Further, Harris would

put the burden on companies to demonstrate that they are not engaging in pay discrimination.

Because, typical of today’s Progressive-Democrats, we’re all guilty until proven innocent.  Especially when it’s difficult even to define the crime.

Favorable Jobs Report, Therefor Cut Interest Rates?

That’s the latest push, this time by Vice President Mike Pence.  He’s as wrong, though, as President Donald Trump, for all that he’s more genteel in his push.

There’s no inflation happening here. The economy is roaring. This is exactly the time not only to not raise interest rates, but we ought to consider cutting them[.]

Pence made this remark on the heels of Labor’s employment report announcing strong job growth, rising wages, and 3.6% unemployment.

No.  Interest rates where they are aren’t hindering our economy; on the contrary, they’re still a tad low.  Our economy is flourishing for a number of reasons, one of which is that interest rates are approaching more natural levels, not being held at below free market rates.  “Natural” here is defined in terms of the Federal Reserve’s legislated mandate—to maintain stable prices and low unemployment—and the Fed’s long-held optimal stable pricing goal of 2% inflation.

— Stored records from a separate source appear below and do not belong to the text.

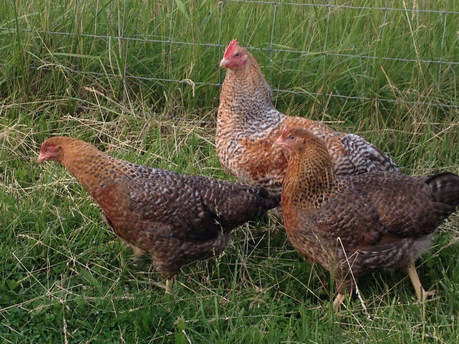 The Bielefelder bunch (the four youngster hens are not brave enough to free range, so these are the 16 week olds.
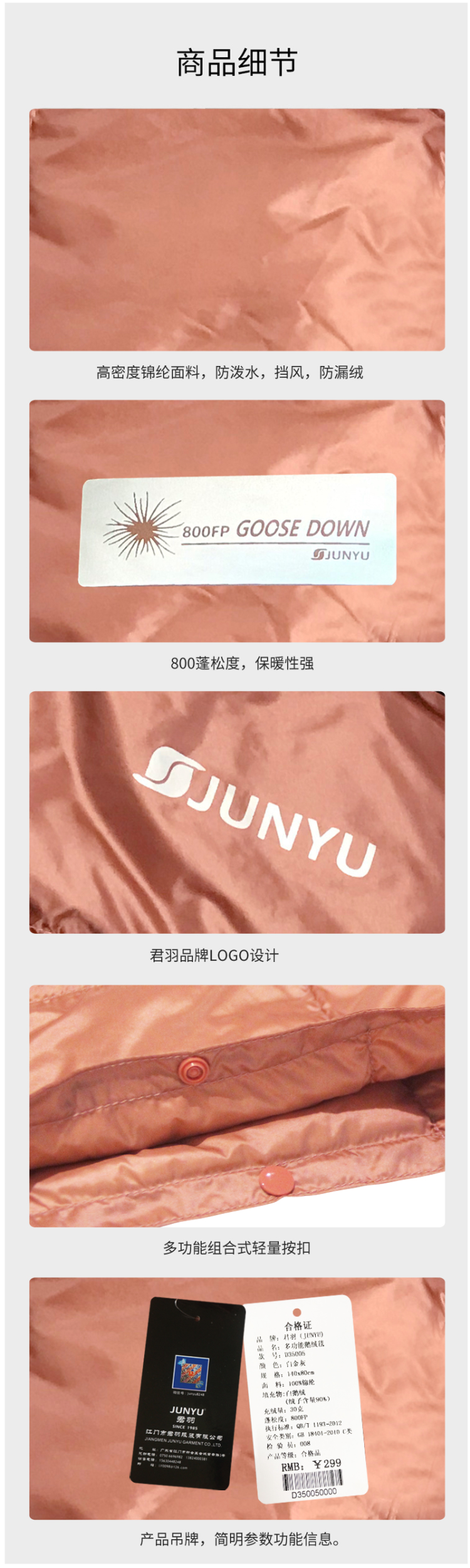 「鹅绒」800蓬鹅绒成本约是普通鸭绒的10倍,没有鸭毛的腥味,保暖效果更好;「30克 800蓬鹅绒」≈「38克 700蓬普通鹅绒」≈「55克普通鸭绒」。
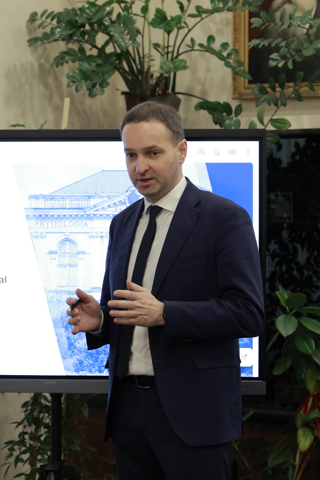 Йшлося про виклики та завдання, що постали перед ЛНМУ на шляху втілення пілотного проєкту з реформування вищої медичної освіти в Україні шляхом об’єднання в єдине ціле навчального закладу та медичної установи. Відтак, з’явилися нові можливості для якісної підготовки майбутніх медиків та надання високопрофесійної допомоги пацієнтам у новоствореній Університетській лікарні.
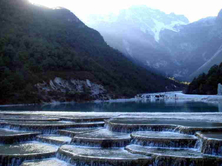 蓝月谷位于玉龙雪山脚下,与玉龙雪山属于同一景区,雪山上流下来的水,蓝绿蓝绿的,跟宝石一样,晶莹剔透。再加上雪山为背景,山中的绿树衬托,整个就是一幅很美的画。
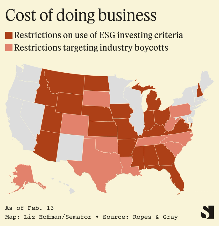 Last year, Republican-controlled legislatures began passing laws blacklisting state investment funds from doing business with money managers that pushed what they deemed to be liberal agendas, like boycotting gun manufacturers and mining companies. BlackRock, run by Larry Fink, an outspoken supporter of so-called ESG principles, has taken the brunt of the pressure, with at least 10 states pulling their money from his firm or threatening to.

Cutting rates on the basis of a favorable jobs report (and one not entirely favorable: the labor force participation rate fell for the second straight month, and that rate is a factor in calculating the headline unemployment rate) would be a mistake.  Instead, the Fed should move its benchmark rates to levels consistent with its 2% inflation goal and then sit down, be quiet, and accept that the economy and employment rates will be noisy around that level (or any other level).

Animal spirits, after all, are hormonal, but within surprisingly broad ranges, they keep correcting back.